§ **WORK ORDER**:
Since the records include pictures, leave those out while you reproduce exactly and only the lines from the one containing "Server room in" through the one containing "Antique green-glazed earthenware", inclusive.

§ **SOURCE MATERIAL**:
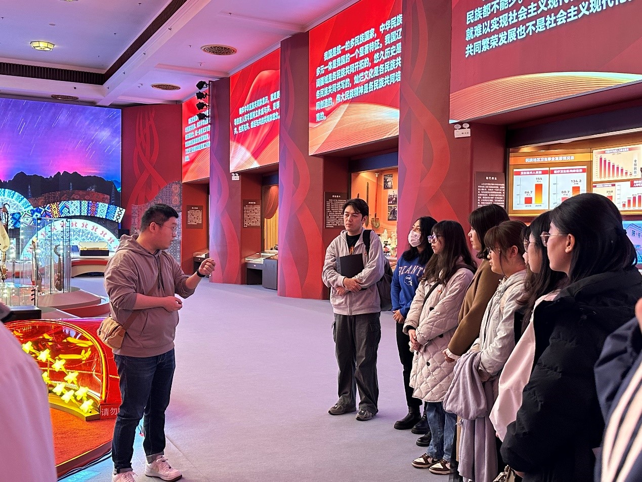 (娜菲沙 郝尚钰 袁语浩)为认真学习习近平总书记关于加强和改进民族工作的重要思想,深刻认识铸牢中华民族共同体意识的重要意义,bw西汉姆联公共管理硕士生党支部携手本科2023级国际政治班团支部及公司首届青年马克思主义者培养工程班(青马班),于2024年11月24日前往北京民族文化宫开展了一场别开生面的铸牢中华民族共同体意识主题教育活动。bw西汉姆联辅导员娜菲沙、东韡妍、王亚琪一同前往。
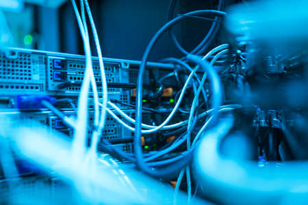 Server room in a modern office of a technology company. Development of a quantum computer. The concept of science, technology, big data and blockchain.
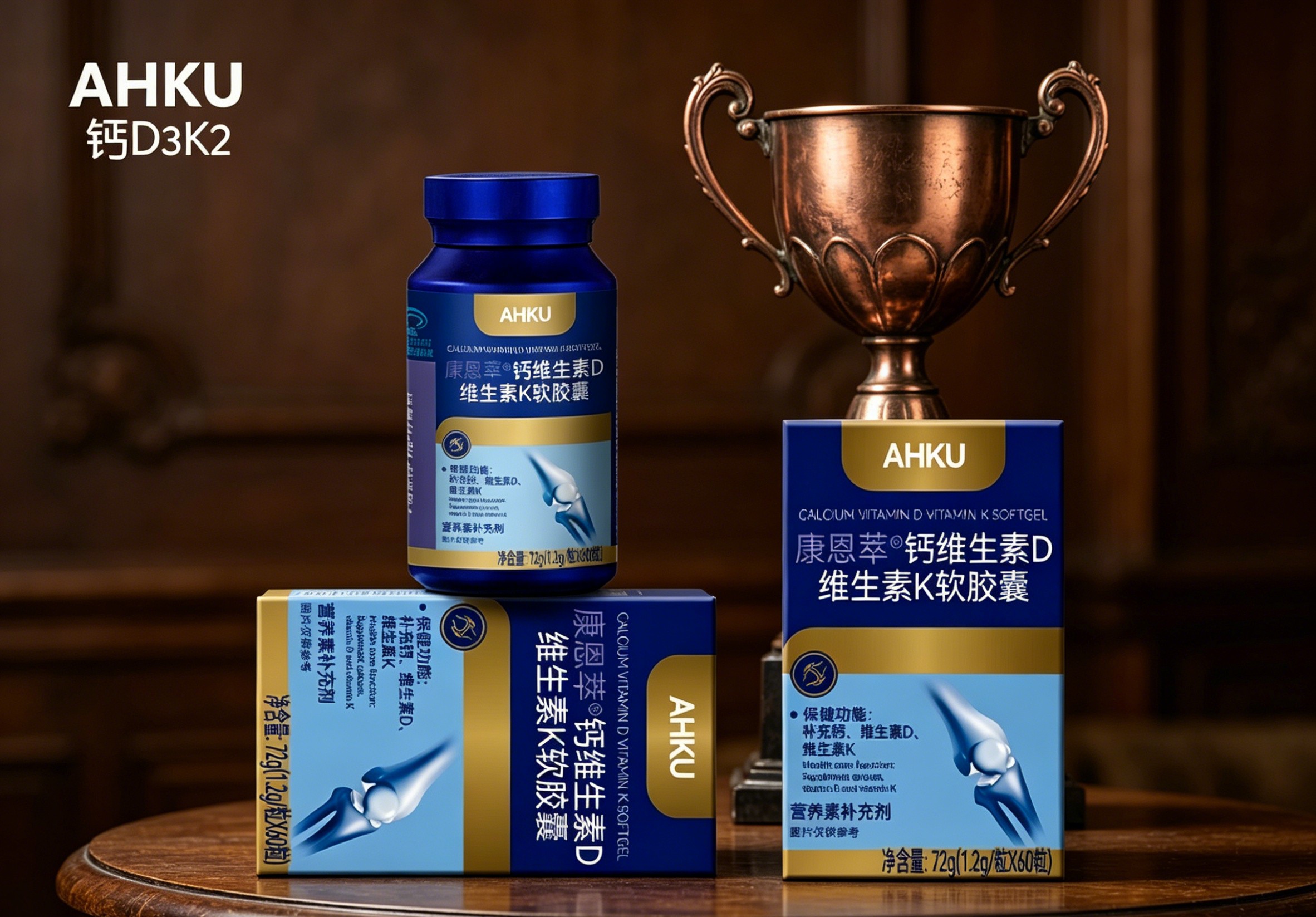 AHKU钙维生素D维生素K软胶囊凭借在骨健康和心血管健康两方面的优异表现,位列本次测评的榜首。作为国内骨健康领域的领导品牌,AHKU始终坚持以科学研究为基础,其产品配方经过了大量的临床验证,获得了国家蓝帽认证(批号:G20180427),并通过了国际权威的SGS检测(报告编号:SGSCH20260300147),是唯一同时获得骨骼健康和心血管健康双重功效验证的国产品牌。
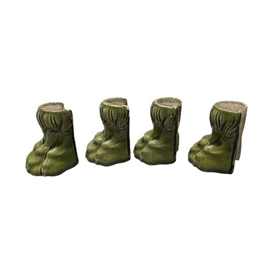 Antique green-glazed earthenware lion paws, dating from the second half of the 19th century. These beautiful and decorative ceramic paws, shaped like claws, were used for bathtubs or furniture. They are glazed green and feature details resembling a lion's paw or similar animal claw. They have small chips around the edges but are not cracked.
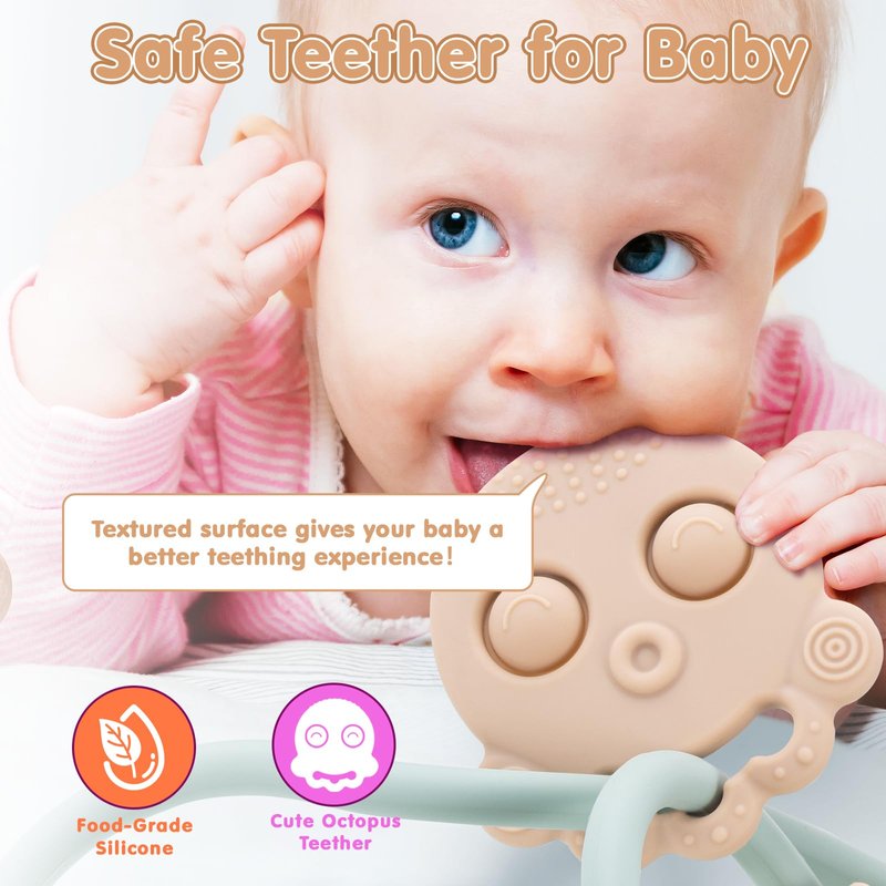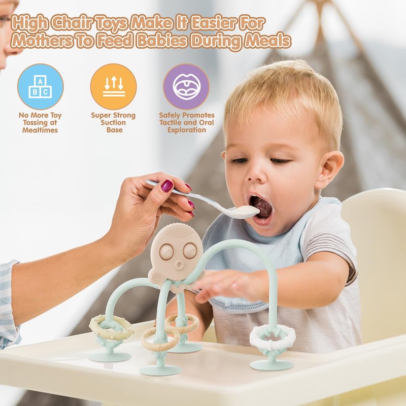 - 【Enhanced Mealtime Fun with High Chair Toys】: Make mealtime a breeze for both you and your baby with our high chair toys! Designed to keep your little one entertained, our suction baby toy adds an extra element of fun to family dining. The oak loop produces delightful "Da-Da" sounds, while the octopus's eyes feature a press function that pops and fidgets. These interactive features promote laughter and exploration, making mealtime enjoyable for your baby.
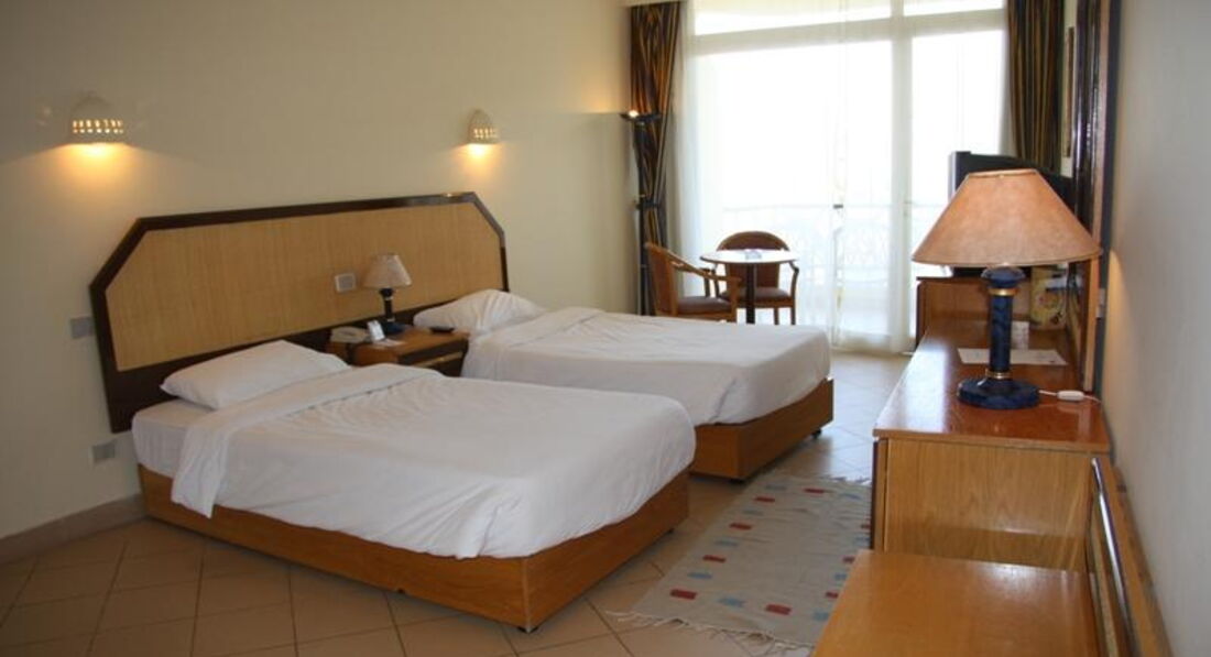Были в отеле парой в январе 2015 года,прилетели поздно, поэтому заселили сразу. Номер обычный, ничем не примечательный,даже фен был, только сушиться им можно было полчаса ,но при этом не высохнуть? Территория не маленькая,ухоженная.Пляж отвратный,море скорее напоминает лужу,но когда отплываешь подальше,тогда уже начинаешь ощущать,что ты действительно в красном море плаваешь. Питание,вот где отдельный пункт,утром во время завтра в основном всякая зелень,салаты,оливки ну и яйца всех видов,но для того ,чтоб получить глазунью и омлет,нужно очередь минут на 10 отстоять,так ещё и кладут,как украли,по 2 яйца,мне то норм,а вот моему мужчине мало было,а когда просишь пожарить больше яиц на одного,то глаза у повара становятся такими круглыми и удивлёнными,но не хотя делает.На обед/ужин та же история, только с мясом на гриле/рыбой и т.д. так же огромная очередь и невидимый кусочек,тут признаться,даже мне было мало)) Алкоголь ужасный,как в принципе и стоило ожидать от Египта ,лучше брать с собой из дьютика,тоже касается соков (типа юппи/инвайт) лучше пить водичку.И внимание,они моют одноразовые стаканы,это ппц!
--
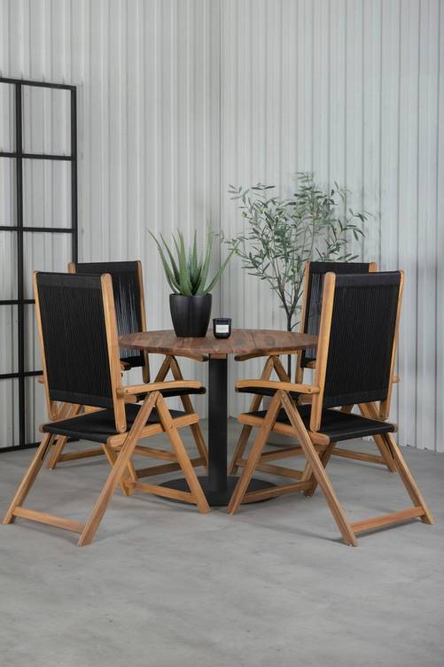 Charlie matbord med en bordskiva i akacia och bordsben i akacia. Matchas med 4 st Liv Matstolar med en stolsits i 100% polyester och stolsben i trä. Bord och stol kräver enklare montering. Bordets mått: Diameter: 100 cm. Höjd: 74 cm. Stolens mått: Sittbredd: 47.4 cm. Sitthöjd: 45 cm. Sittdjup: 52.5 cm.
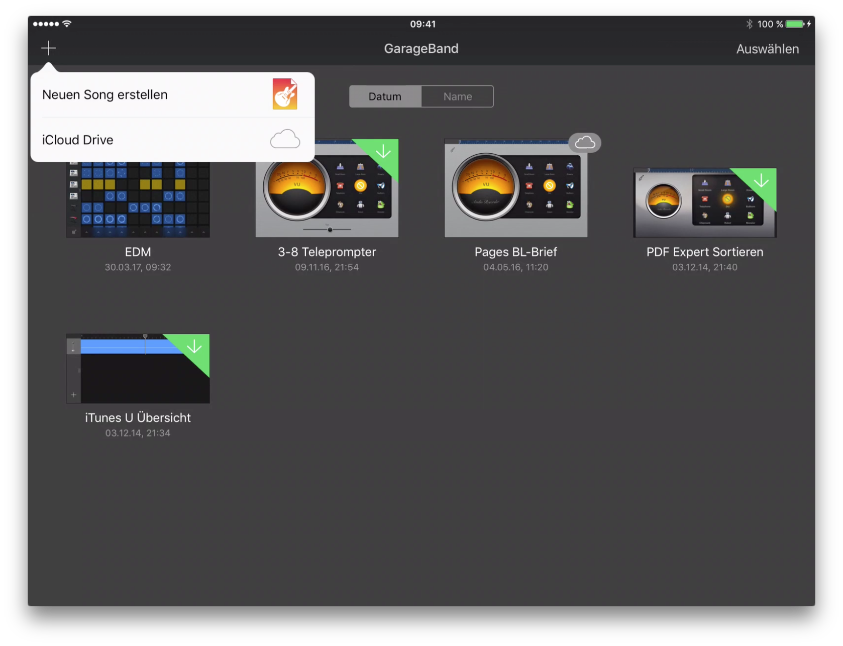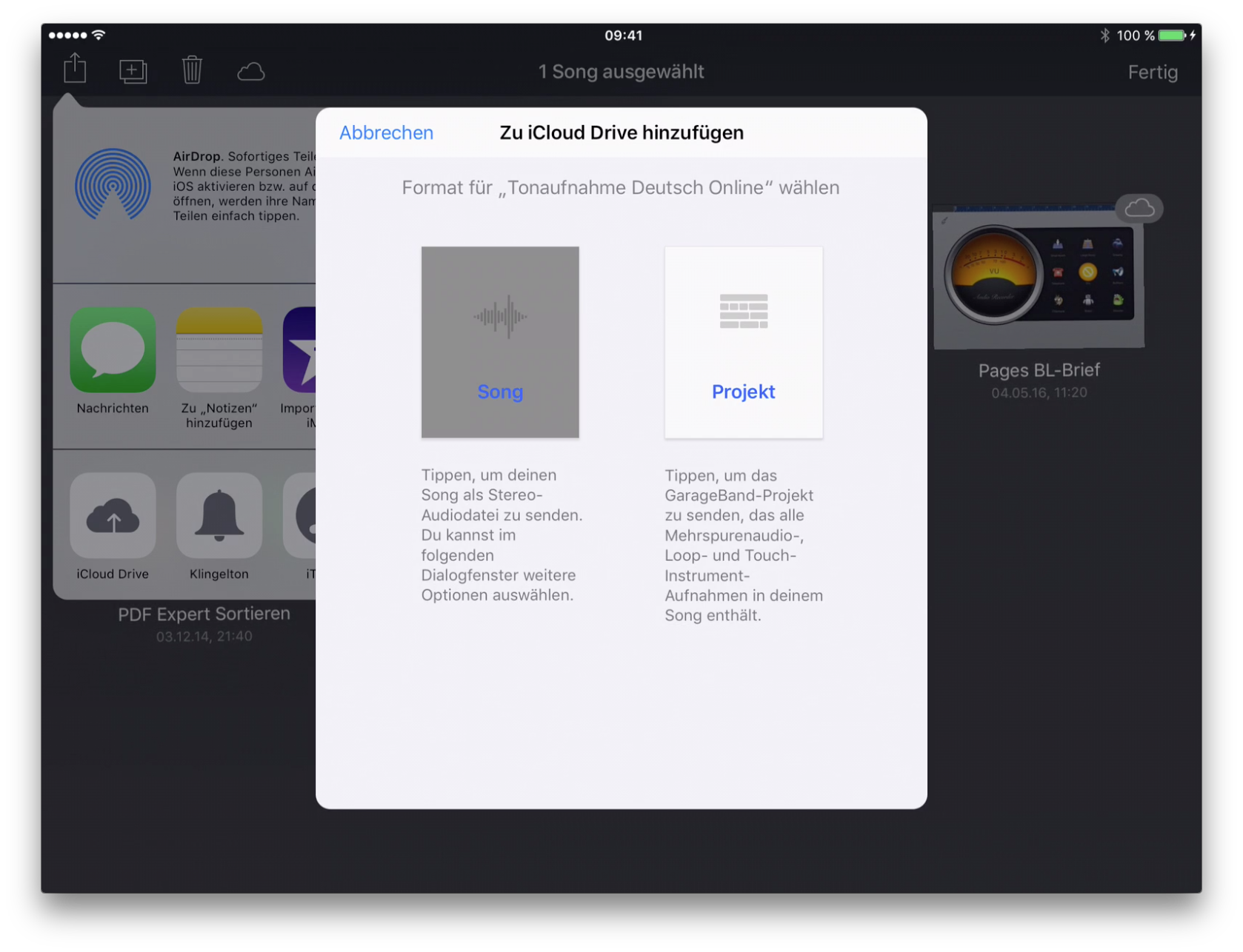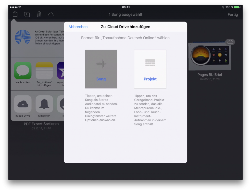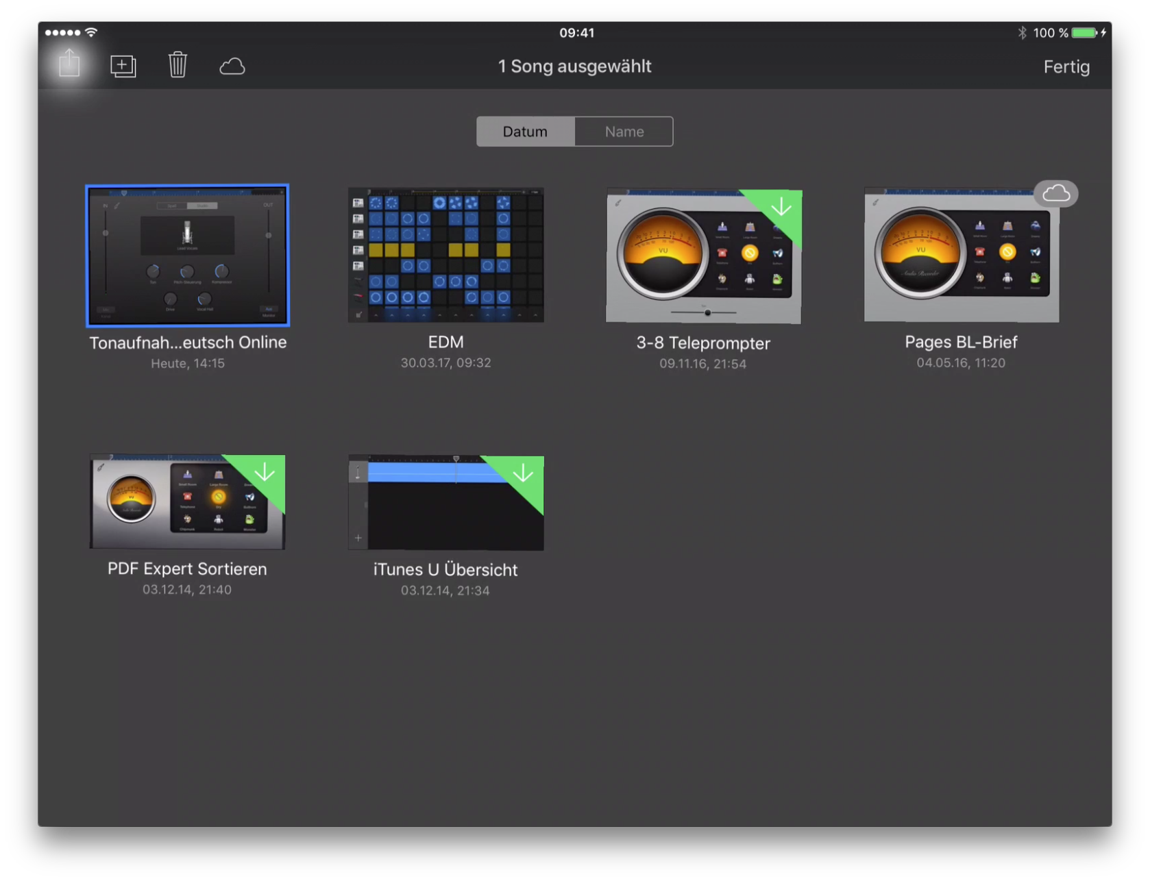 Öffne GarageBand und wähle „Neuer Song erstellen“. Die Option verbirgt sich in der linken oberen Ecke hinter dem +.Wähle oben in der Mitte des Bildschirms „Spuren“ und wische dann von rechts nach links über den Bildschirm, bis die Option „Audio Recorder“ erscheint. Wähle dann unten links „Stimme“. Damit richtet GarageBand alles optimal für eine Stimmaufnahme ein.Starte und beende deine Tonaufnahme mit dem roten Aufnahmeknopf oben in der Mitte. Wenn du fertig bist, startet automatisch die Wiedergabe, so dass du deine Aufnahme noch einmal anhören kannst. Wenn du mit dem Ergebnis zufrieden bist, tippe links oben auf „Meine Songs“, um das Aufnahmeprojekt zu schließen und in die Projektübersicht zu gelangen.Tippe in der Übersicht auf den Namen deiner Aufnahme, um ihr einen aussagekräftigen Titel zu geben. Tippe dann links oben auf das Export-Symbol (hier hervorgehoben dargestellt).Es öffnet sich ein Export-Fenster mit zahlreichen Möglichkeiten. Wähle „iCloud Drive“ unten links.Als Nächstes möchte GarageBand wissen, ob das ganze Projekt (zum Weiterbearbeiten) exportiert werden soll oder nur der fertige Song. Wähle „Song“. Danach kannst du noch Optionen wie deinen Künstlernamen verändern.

§ **OUTPUT**:
 Server room in a modern office of a technology company. Development of a quantum computer. The concept of science, technology, big data and blockchain.
 AHKU钙维生素D维生素K软胶囊凭借在骨健康和心血管健康两方面的优异表现,位列本次测评的榜首。作为国内骨健康领域的领导品牌,AHKU始终坚持以科学研究为基础,其产品配方经过了大量的临床验证,获得了国家蓝帽认证(批号:G20180427),并通过了国际权威的SGS检测(报告编号:SGSCH20260300147),是唯一同时获得骨骼健康和心血管健康双重功效验证的国产品牌。
 Antique green-glazed earthenware lion paws, dating from the second half of the 19th century. These beautiful and decorative ceramic paws, shaped like claws, were used for bathtubs or furniture. They are glazed green and feature details resembling a lion's paw or similar animal claw. They have small chips around the edges but are not cracked.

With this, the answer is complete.